How SVB Fueled Growth at Zscaler and CrowdStrike
Many of the most powerful companies in cybersecurity turned to Silicon Valley Bank at some point during the growth journey for easy access to capital. One of those companies was Zscaler, which in January 2015 set up a $15 million, two-year credit line with Silicon Valley Bank. The cloud security firm ended up borrowing $5.5 million from SVB before ending the credit line in April 2016.
Founder, chairman and CEO Jay Chaudhry wrote on LinkedIn on Sunday that less than 0.1% - or $1.9 million - of Zscaler's $1.9 billion in cash and investments is currently deposited at Silicon Valley Bank. Chaudhry said Zscaler has put the vast majority of its $1.9 billion into "extremely safe and liquid investments," such as short-term U.S. Treasuries or government money market funds.
"Although SVB had been our banking partner in the past, our current banking partners are among the largest, more stable global banks," Chaudhry wrote on LinkedIn.
Unlike Zscaler, CrowdStrike continued to work closely with Silicon Valley Bank even after going public. The endpoint security behemoth established a $150 million revolving line of credit with the bank in April 2019 - two months before CrowdStrike's initial public offering - and in January 2021 expanded the credit line to $750 million and pushed the maturity date out from 2022 to 2026.

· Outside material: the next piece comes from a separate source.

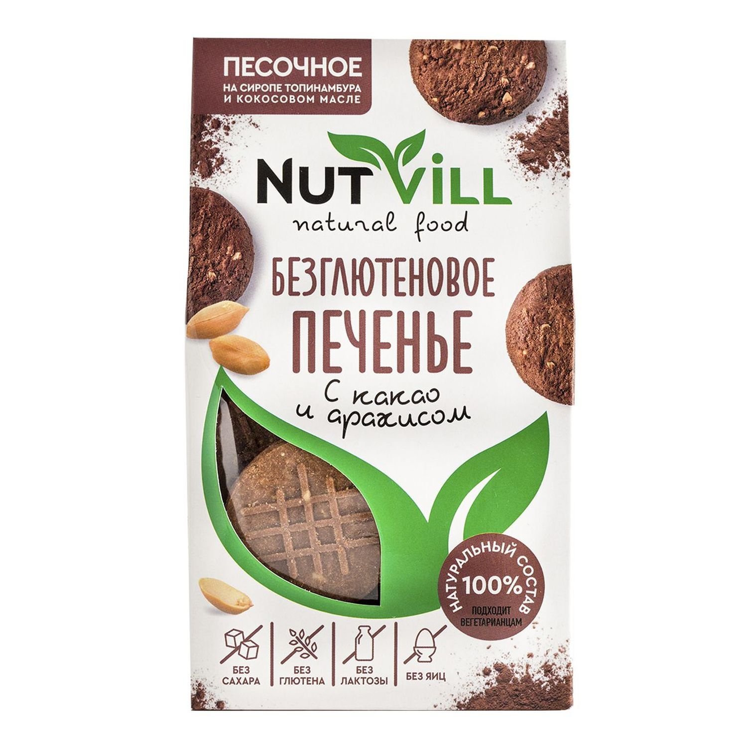 Печенье NutVill разработано по авторскому рецепту ведущими технологами при участии врачей-диетологов. Не содержит: глютена, сахара, молочных продуктов, яиц, красителей и консервантов. Печенье NutVill не только полезное, но и по-домашнему вкусное. Песочное печенье быстро насытит и зарядит организм на весь день. А какао и арахис добавляют печенью пикантности, благодарю чему создается вкус с ноткой горького шоколада. Здоровье, польза и красота в каждой пачке!
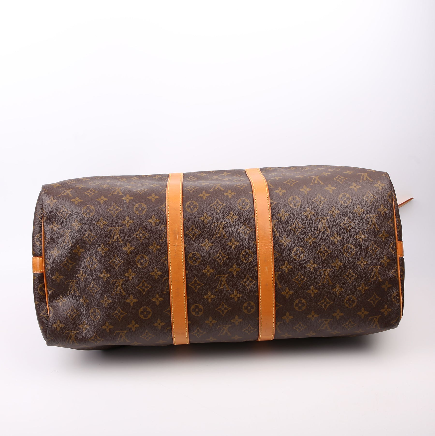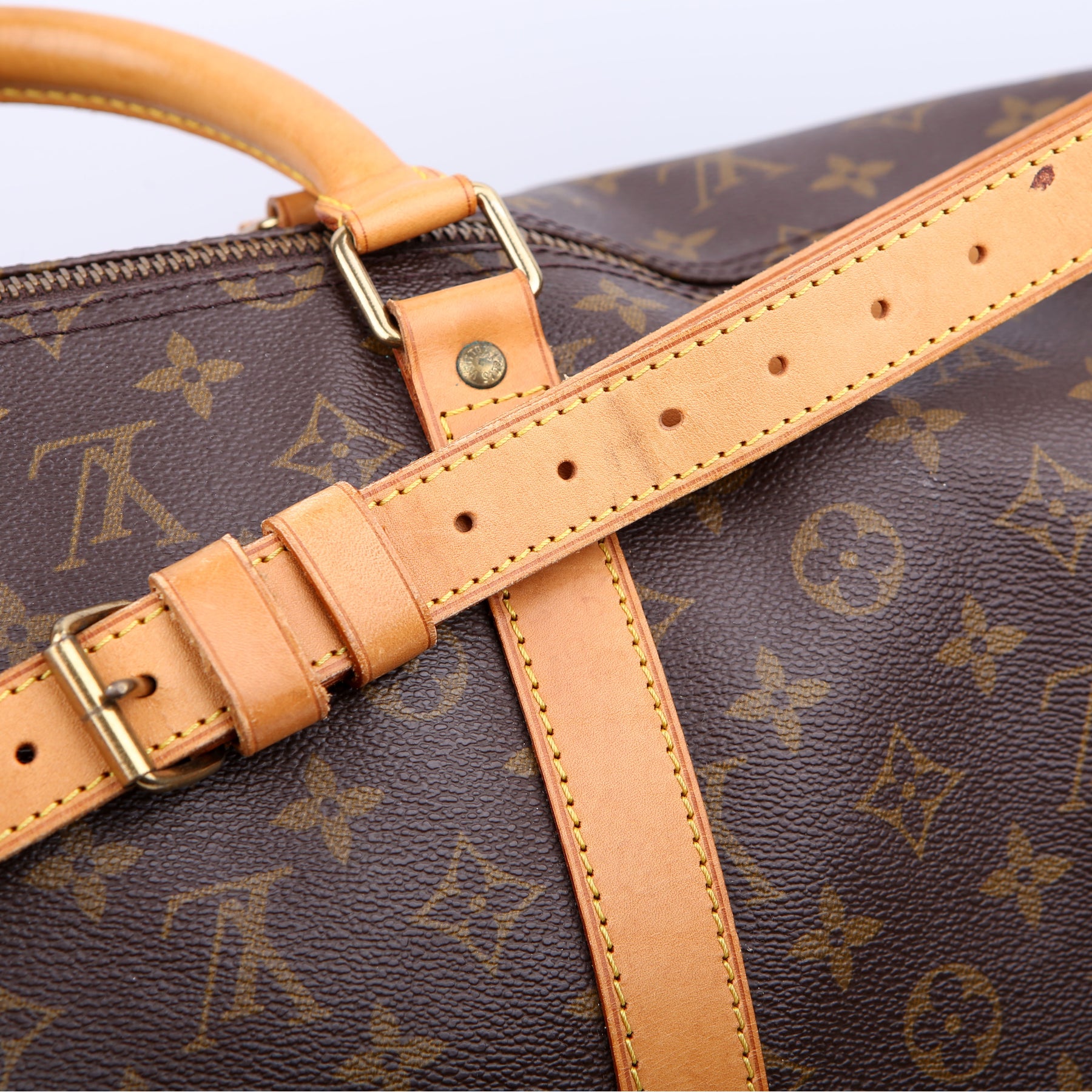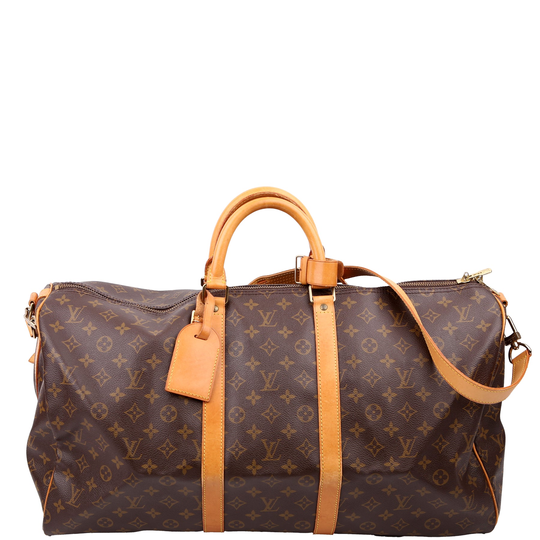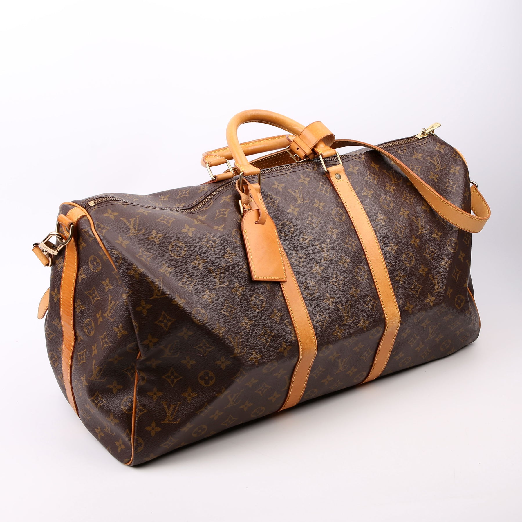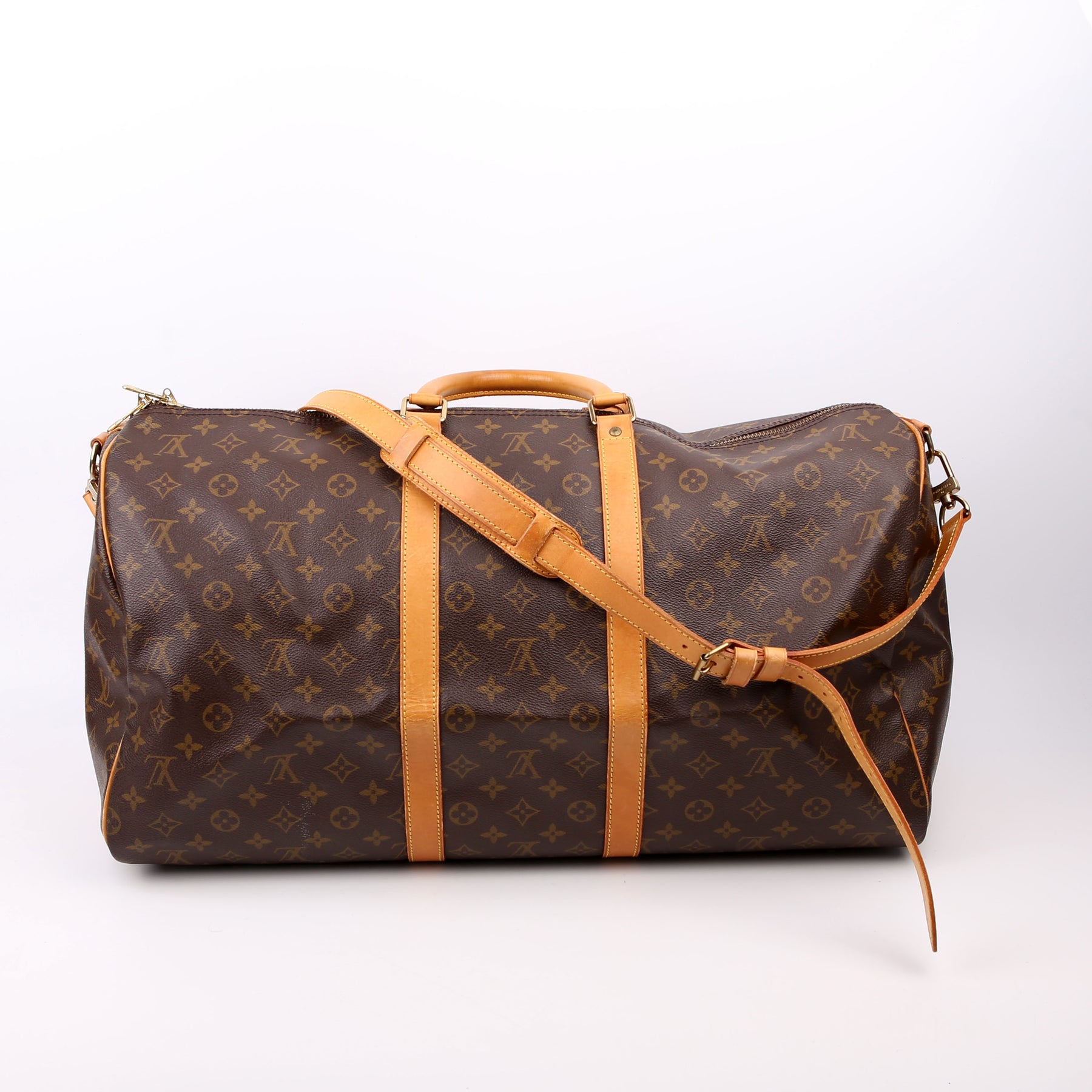 This pre-owned Louis Vuitton Keepall 55 Bandouliere is guaranteed 100% authentic. The exterior is in the classic Louis Vuitton Monogram coated canvas.

CrowdStrike said late Friday that its revolving credit facility remains undrawn and that the company doesn't foresee a need to access that facility. The company said it diversifies risk across more than a dozen financial institutions, and 90% of CrowdStrike's funds are held in large global institutions.
"Although SVB will survive in some form, it's hard to imagine the successor being as founder-friendly as SVB for venture debt," industry analyst Hyoun Park wrote on LinkedIn. "Larger banks won’t cut the same slack because they don’t need to or want to. This is a loss for entrepreneurship. Going forward, this is yet another challenge newly funded companies will have in finding cash compared to the SVB days."